**THE PROBLEM**
Your answer must be the lines from the first record through the line that contains "(vegan) 700mg |", copied exactly and without any pictures.
○ ○ ○ ○ ○
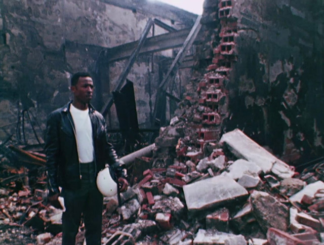 A man stops to pose for a photographer and for Breslin's film in front of the remains of a building on the west side of 12th Street between Hazelwood and Taylor Streets.
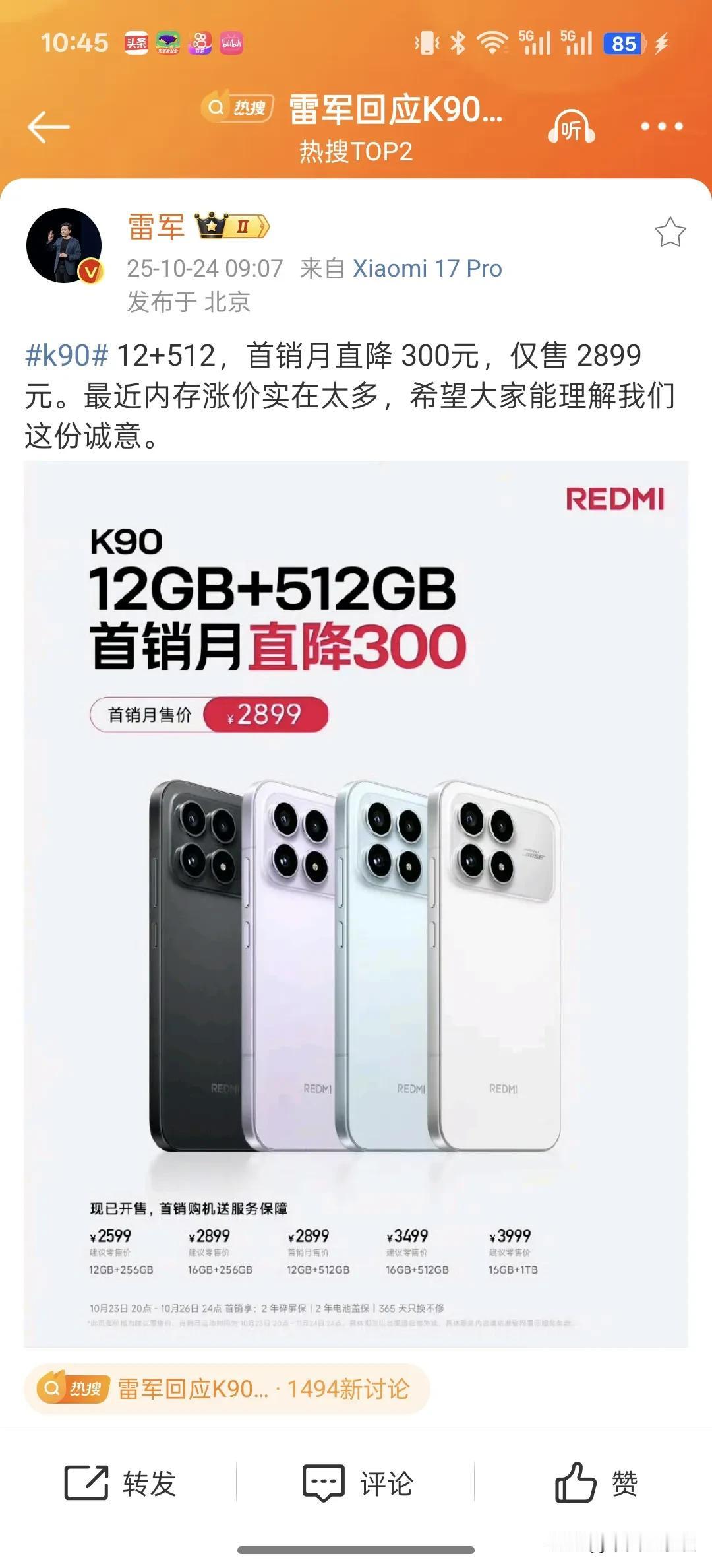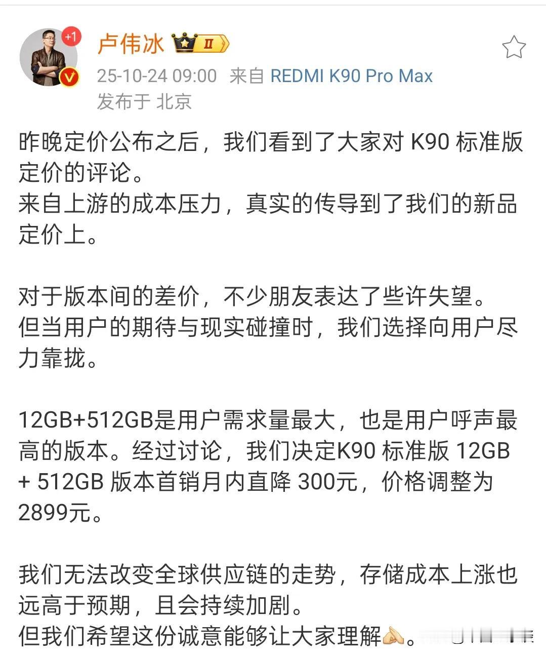 卢伟冰表示REDMI K90标准版12+512G首销月内降300,价格调整为2899。 ​​​在存储价格飞涨的今天,2899确实很有诚意了! ​​​
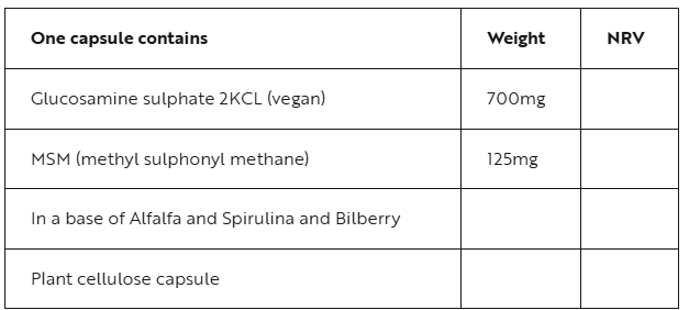 | Ingredients | One capsule contains Glucosamine sulphate 2KCL (vegan) 700mg |
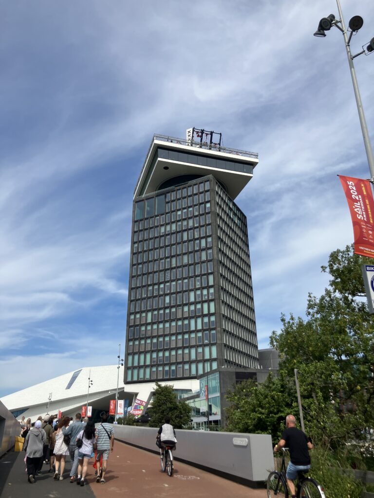 アムステルダムのA’dam Lookout(アダム・ルックアウト)アムステルダム中央駅からは無料フェリーに乗り、約5分間で対岸にあるアダム・タワーに到着します。フェリーは何回も往復しておりお気軽に移動できますよ。無料ですので用がなくても乗ってみてくださいね!
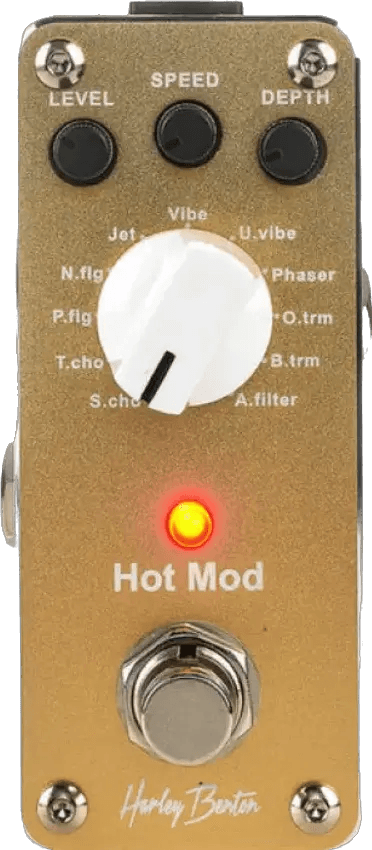 The **Hot Mod** is a compact multi-modulation effects pedal offering a wide range of classic and modern modulation sounds, including chorus, flanger, auto-wah, tremolo, phaser, rotary, and ring modulation. Three dedicated mini controls allow precise adjustment of modulation depth, rate, and effect character. The pedal features a durable metal chassis and true bypass switching to maintain signal clarity when disengaged.
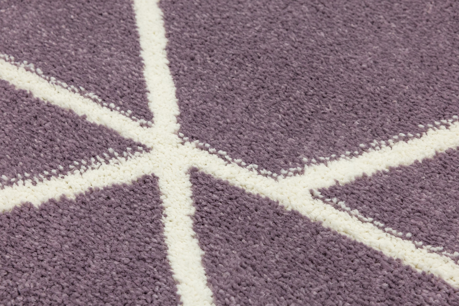 Современный ковер Lima с мягким блестящим ворсом с геометрическим узором в фиолетовых и кремовых оттенках, с джутовым низом.
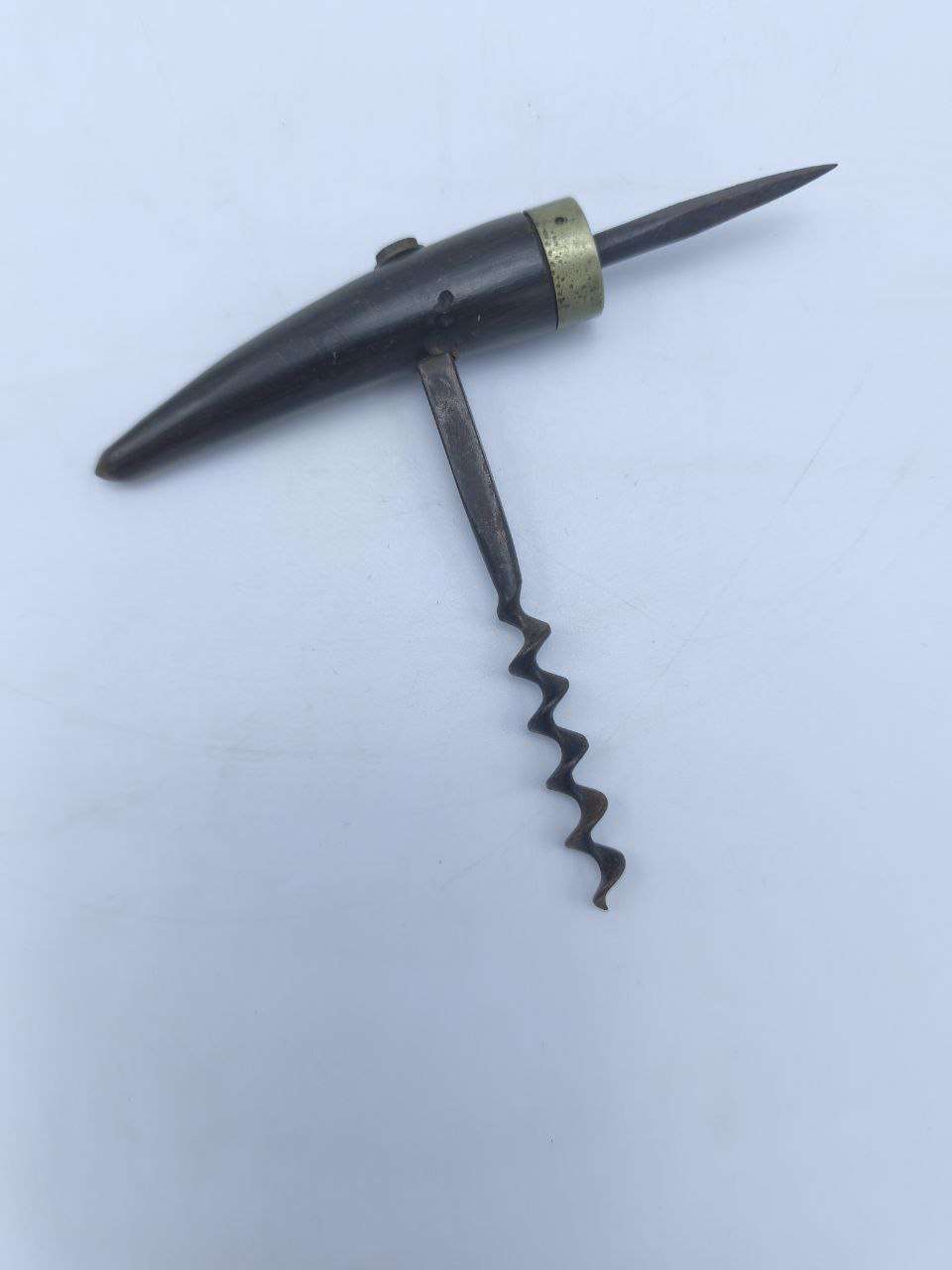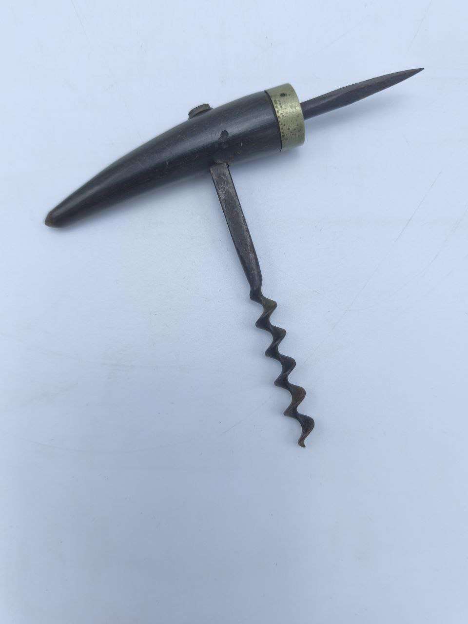 Редкий антикварный штопор середины XX века, выполненный из натурального рога с латунной вставкой. Универсальная конструкция с шилом позволяет использовать его не только для открывания бутылок, но и как инструмент для винных пробок и упаковки. Теплая патина на металле и естественная текстура рога подчеркивают возраст и подлинность изделия. Коллекционный предмет для ценителей старинных аксессуаров и винной культуры.
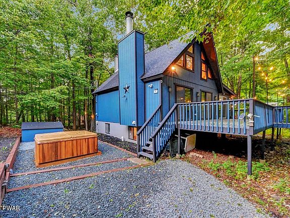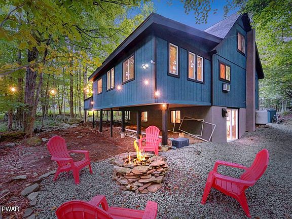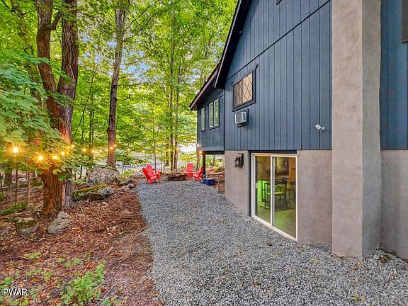 Located in The Hideout, a four-season amenity filled community in The Northern Poconos, just two hours from the NY, NJ and Philly metro areas. Nestled on a private corner lot, this chalet home has been completely renovated from top to bottom and hasn't been lived in since the renovation, and it has a brand new roof! Featuring 4 bedrooms and 2.5 bathrooms, the home boasts a spacious main living area with high ceilings and an inviting loft above. The brand-new kitchen, complete with stainless steel appliances, is complemented by knotty pine ceilings that extends to the cozy gathering space with brick fireplace. Also on this level is a large functional room which can be used as a living room or dining room, and the sliding doors are for added versatility--open them up for an expansive space or close them to create a private 5th bedroom or office.Both main-level bedrooms showcase beautiful knotty pine ceilings, adding warmth and character. The walk-out lower level offers a large recreation room, a fourth bedroom, and a full bathroom, as well as a brand-new washer and dryer for added convenience.Step outside to enjoy the fresh gravel surroundings, relax on the deck, or gather around the firepit in the backyard. A large shed and ample storage for firewood ensure everything is in its place. Plus, this charming chalet comes fully furnished with brand new furniture--ready for you to move in and enjoy! Conveniently located near the ''Stock Farm'' gate for easy access to Honesdale, a cool historic town with shopping, restaurants and breweries.
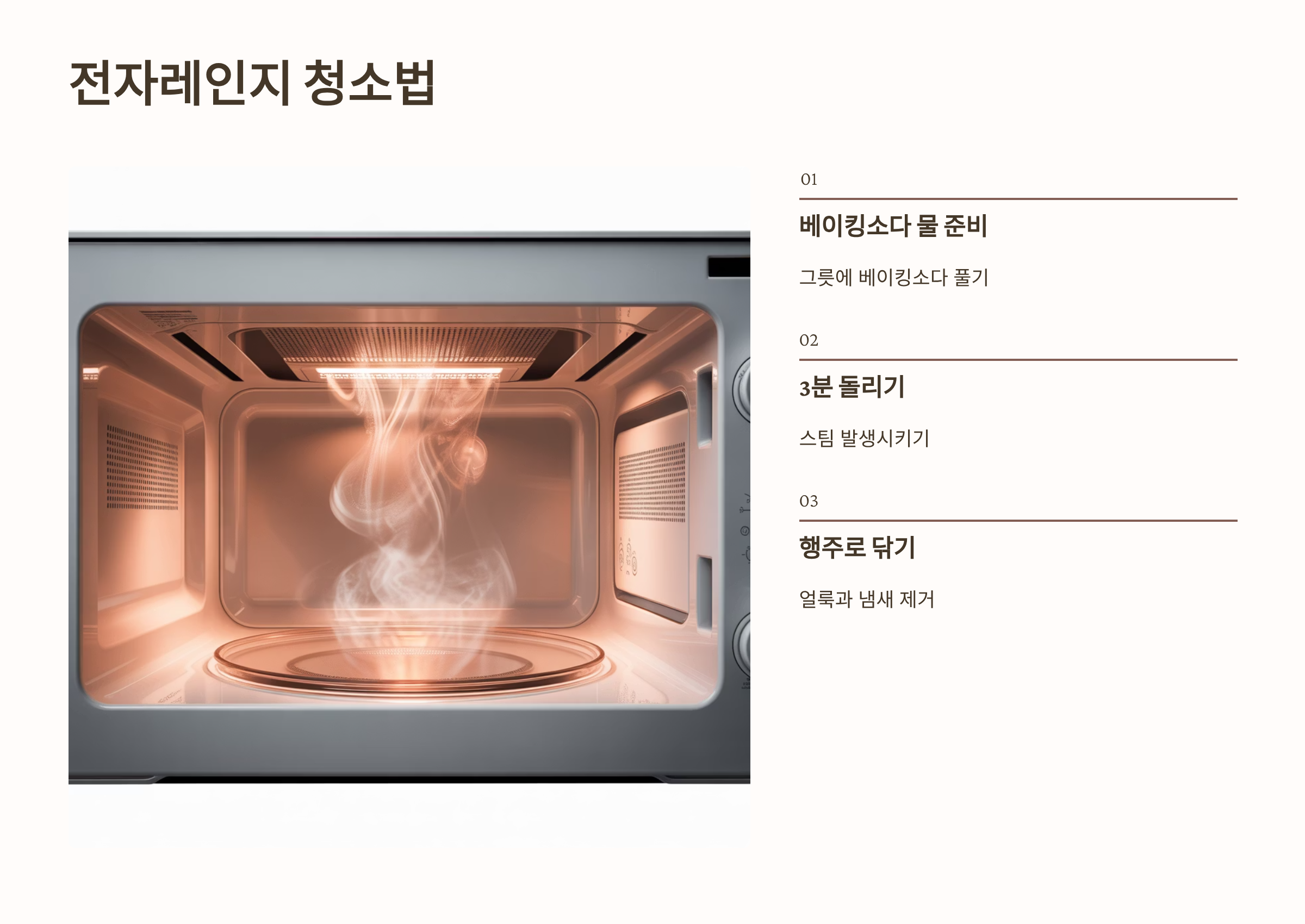 물에 베이킹소다를 푼 그릇을 넣고 3분간 돌린 후, 스팀이 생기면 행주로 내부를 닦아낸다. | 음식물 얼룩과 냄새를 불리고 중화하여 쉽게 닦아낸다. |
○ ○ ○ ○ ○
**ANSWER BOX**
 A man stops to pose for a photographer and for Breslin's film in front of the remains of a building on the west side of 12th Street between Hazelwood and Taylor Streets.
 卢伟冰表示REDMI K90标准版12+512G首销月内降300,价格调整为2899。 ​​​在存储价格飞涨的今天,2899确实很有诚意了! ​​​
 | Ingredients | One capsule contains Glucosamine sulphate 2KCL (vegan) 700mg |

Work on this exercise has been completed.